▸ **Task details**:
The listing is to be printed word for word, pictures omitted.

⟨

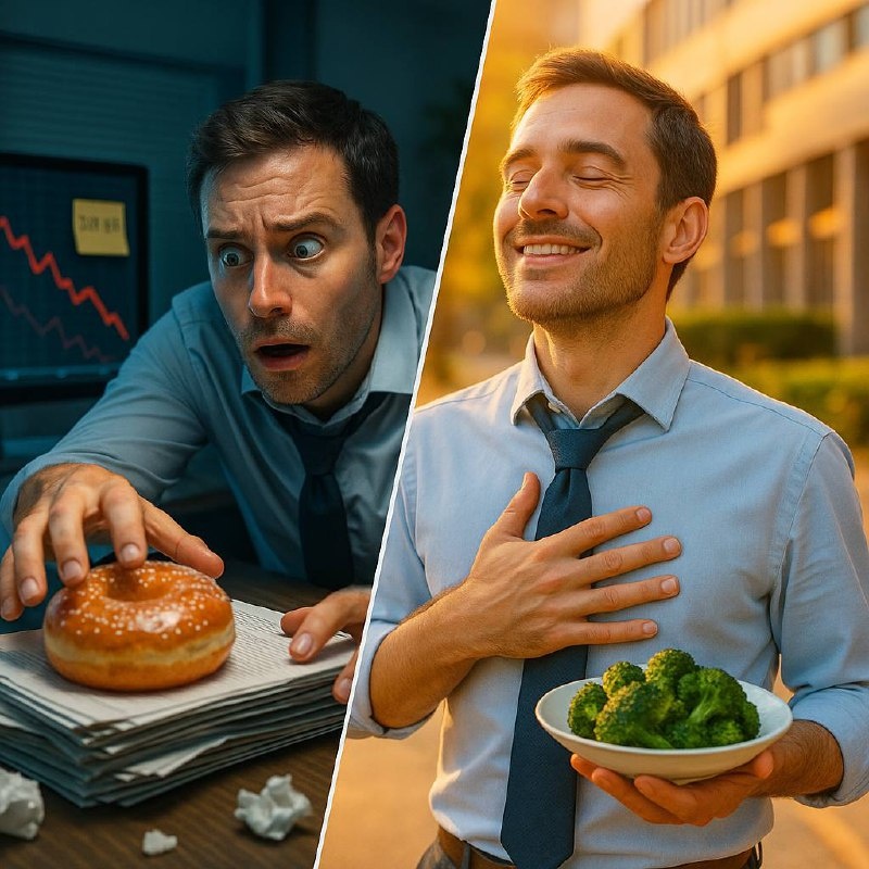 ▎🧠🍔 ПОЧЕМУ ПОСЛЕ СТРЕССА РУКИ САМИ ТЯНУТСЯ К ХОЛОДИЛЬНИКУ? Знакомая ситуация? Тяжёлый день на работе, начальник довёл, дедлайны горят... И вот вы уже стоите у холодильника в обнимку с тортом. А брокколи грустно лежит в углу, никому не нужная. Давайте разберёмся, почему так происходит, и что с этим делать (спойлер: без магии и «просто возьми себя в руки»). ▎🔬 ЧТО ТАКОЕ ОСЬ «КИШЕЧНИК–МОЗГ»? Представьте себе двустороннюю супермагистраль между вашим мозгом и кишечником. По ней постоянно ездят «курьеры» — гормоны и нейромедиаторы, которые передают сообщения в обе стороны. Как это работает: - Мозг в стрессе → шлёт сигнал кишечнику - Кишечник получает сигнал → меняет выработку гормонов - Гормоны влияют на настроение и аппетит ▎🍰 ПОЧЕМУ ИМЕННО БУЛКА, А НЕ БРОККОЛИ? ▎Виноваты не вы, а биохимия: 1. Кортизол (гормон стресса) повышается → Организм думает: "Опасность! Нужна быстрая энергия!" → Требует быстрые углеводы (булки, сладкое, чипсы) 2. Серотонин (гормон счастья) падает → 90% с
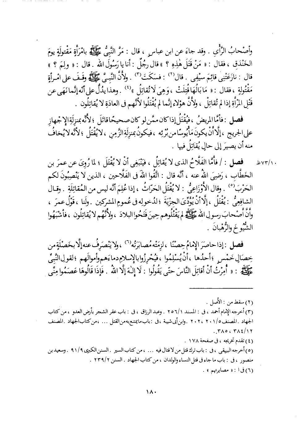 (٥) أخرجه البيهقى، فى: باب ترك قتل من لا قتال فيه. . .، من كتاب السير. السنن الكبرى ٩/ ٩١. وسعيد بن منصور، فى: باب ما جاء فى قتل النساء والولدان، من كتاب الجهاد. السنن ٢/ ٢٣٩.
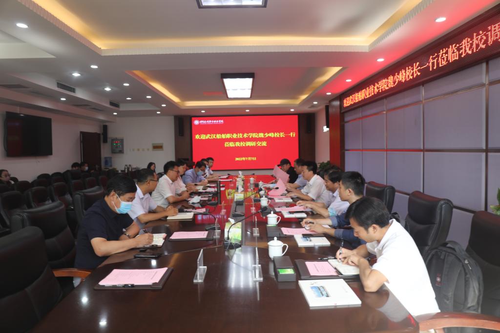 7月7日上午,武汉船舶职业技术学院校长魏少峰一行7人来我校考察交流“双高计划”建设、智能制造实训室软硬件建设等相关工作。校党委副书记、校长胡昊出席座谈会,党政办公室、教务处、“双高建设”办公室、国有资产管理处、机械工程学院等部门负责人参会。
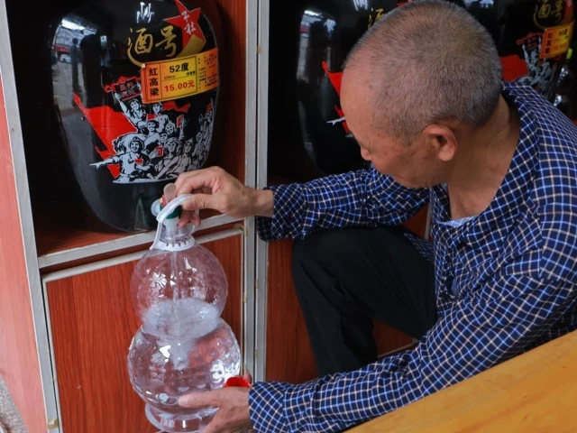 (图为万州区龙沙镇酒号公社招聘员工接酒照 凡鑫摄)
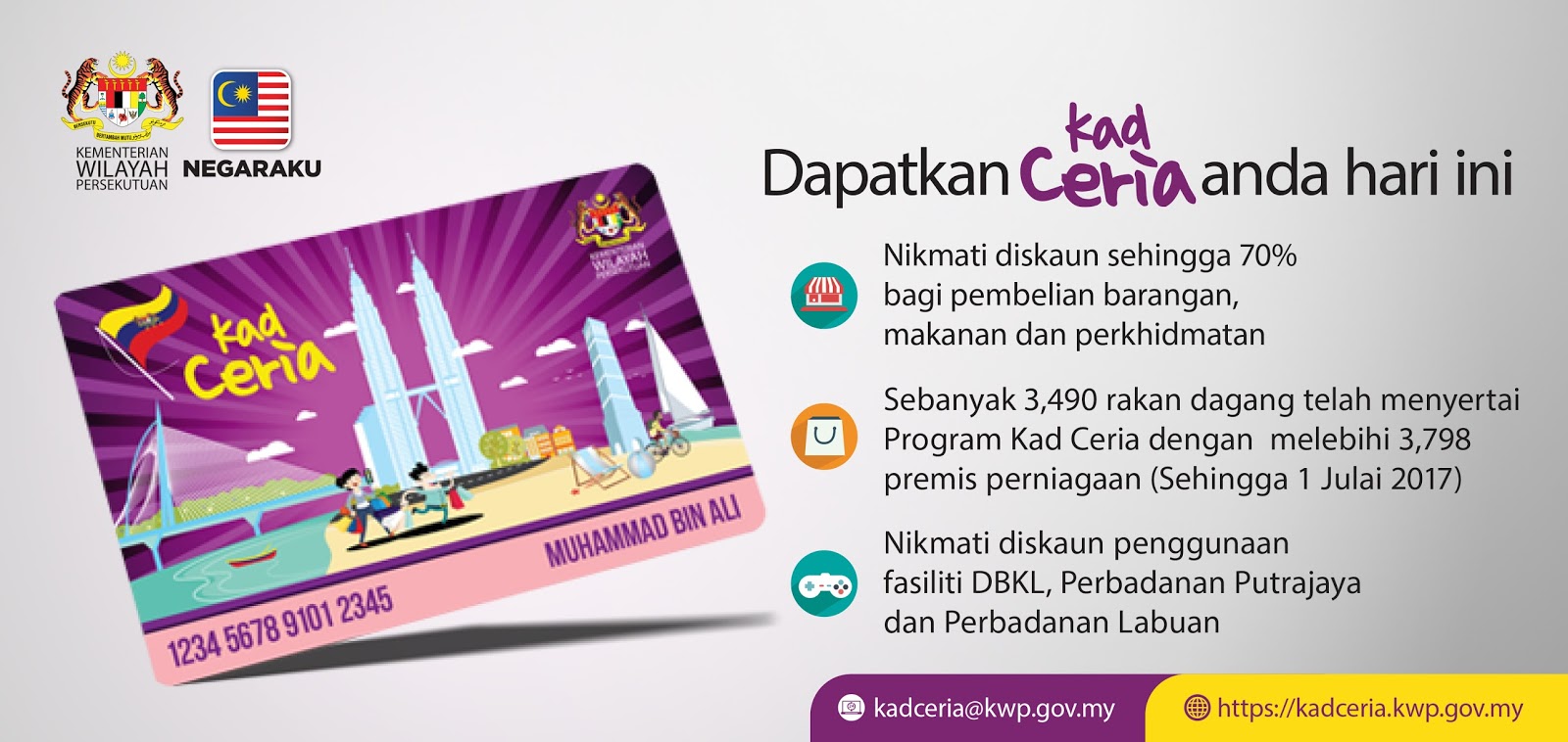 Kad ceria wilayah persekutuan. Kad ceria is a discount card that been given to all residents in wilayah persekutuan that includes kuala lumpur putrajaya and labuan with the initiative to help reducing the financial burden of this community. Program ini merupakan inisiatif kementerian wilayah persekutuan dalam usaha menangani kos sara hidup bagi warga wilayah persekutuan. Program ini adalah salah satu inisiatif kementerian wilayah persekutuan dalam usaha membantu menangani kos sara hidup yang tinggi terutamanya bagi warga wilayah persekutuan wp. Ini adalah kad ekslusif untuk rakyat malaysia yang menetap kat wilayah persekutuan kuala lumpur putrajaya dan labuan untuk nikmati diskaun istimewa bila membeli barangan keperluan dan perkhidmatan.
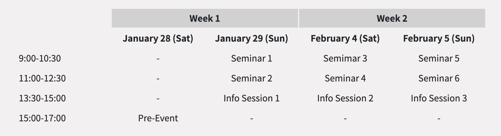 ・参加費:無料 ※セミナーは原則英語で、バイリンガルの学生がサポート参加します。また、Info Sessionは日本語のみを予定しています。
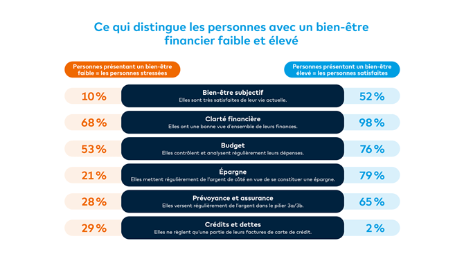 L’analyse distingue quatre groupes clairement différenciés de bien-être financier: les personnes stressées, qui peinent plus souvent à couvrir leurs dépenses courantes et leurs dettes; les personnes tendues, qui s'en sortent généralement dans la vie quotidienne, mais qui considèrent leur situation comme fragile; les personnes détendues, qui ont constitué des réserves et considèrent rarement les finances comme un fardeau; et les personnes satisfaites, qui planifient à long terme, s'appuient sur des bases financières solides et se sentent en sécurité aujourd'hui comme à l'avenir.
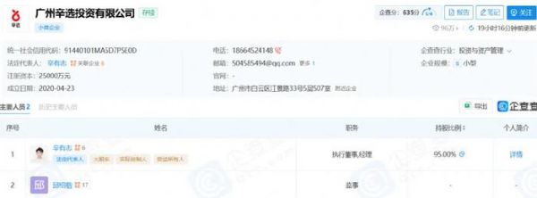 《21CBR》记者注意到,辛选核心子公司“广州辛选投资”,仍由辛巴实控,持股95%,初瑞雪未持股,也没担任职务。

⟩

▸ **Task response**:
 ▎🧠🍔 ПОЧЕМУ ПОСЛЕ СТРЕССА РУКИ САМИ ТЯНУТСЯ К ХОЛОДИЛЬНИКУ? Знакомая ситуация? Тяжёлый день на работе, начальник довёл, дедлайны горят... И вот вы уже стоите у холодильника в обнимку с тортом. А брокколи грустно лежит в углу, никому не нужная. Давайте разберёмся, почему так происходит, и что с этим делать (спойлер: без магии и «просто возьми себя в руки»). ▎🔬 ЧТО ТАКОЕ ОСЬ «КИШЕЧНИК–МОЗГ»? Представьте себе двустороннюю супермагистраль между вашим мозгом и кишечником. По ней постоянно ездят «курьеры» — гормоны и нейромедиаторы, которые передают сообщения в обе стороны. Как это работает: - Мозг в стрессе → шлёт сигнал кишечнику - Кишечник получает сигнал → меняет выработку гормонов - Гормоны влияют на настроение и аппетит ▎🍰 ПОЧЕМУ ИМЕННО БУЛКА, А НЕ БРОККОЛИ? ▎Виноваты не вы, а биохимия: 1. Кортизол (гормон стресса) повышается → Организм думает: "Опасность! Нужна быстрая энергия!" → Требует быстрые углеводы (булки, сладкое, чипсы) 2. Серотонин (гормон счастья) падает → 90% с
 (٥) أخرجه البيهقى، فى: باب ترك قتل من لا قتال فيه. . .، من كتاب السير. السنن الكبرى ٩/ ٩١. وسعيد بن منصور، فى: باب ما جاء فى قتل النساء والولدان، من كتاب الجهاد. السنن ٢/ ٢٣٩.
 7月7日上午,武汉船舶职业技术学院校长魏少峰一行7人来我校考察交流“双高计划”建设、智能制造实训室软硬件建设等相关工作。校党委副书记、校长胡昊出席座谈会,党政办公室、教务处、“双高建设”办公室、国有资产管理处、机械工程学院等部门负责人参会。
 (图为万州区龙沙镇酒号公社招聘员工接酒照 凡鑫摄)
 Kad ceria wilayah persekutuan. Kad ceria is a discount card that been given to all residents in wilayah persekutuan that includes kuala lumpur putrajaya and labuan with the initiative to help reducing the financial burden of this community. Program ini merupakan inisiatif kementerian wilayah persekutuan dalam usaha menangani kos sara hidup bagi warga wilayah persekutuan. Program ini adalah salah satu inisiatif kementerian wilayah persekutuan dalam usaha membantu menangani kos sara hidup yang tinggi terutamanya bagi warga wilayah persekutuan wp. Ini adalah kad ekslusif untuk rakyat malaysia yang menetap kat wilayah persekutuan kuala lumpur putrajaya dan labuan untuk nikmati diskaun istimewa bila membeli barangan keperluan dan perkhidmatan.
 ・参加費:無料 ※セミナーは原則英語で、バイリンガルの学生がサポート参加します。また、Info Sessionは日本語のみを予定しています。
 L’analyse distingue quatre groupes clairement différenciés de bien-être financier: les personnes stressées, qui peinent plus souvent à couvrir leurs dépenses courantes et leurs dettes; les personnes tendues, qui s'en sortent généralement dans la vie quotidienne, mais qui considèrent leur situation comme fragile; les personnes détendues, qui ont constitué des réserves et considèrent rarement les finances comme un fardeau; et les personnes satisfaites, qui planifient à long terme, s'appuient sur des bases financières solides et se sentent en sécurité aujourd'hui comme à l'avenir.
 《21CBR》记者注意到,辛选核心子公司“广州辛选投资”,仍由辛巴实控,持股95%,初瑞雪未持股,也没担任职务。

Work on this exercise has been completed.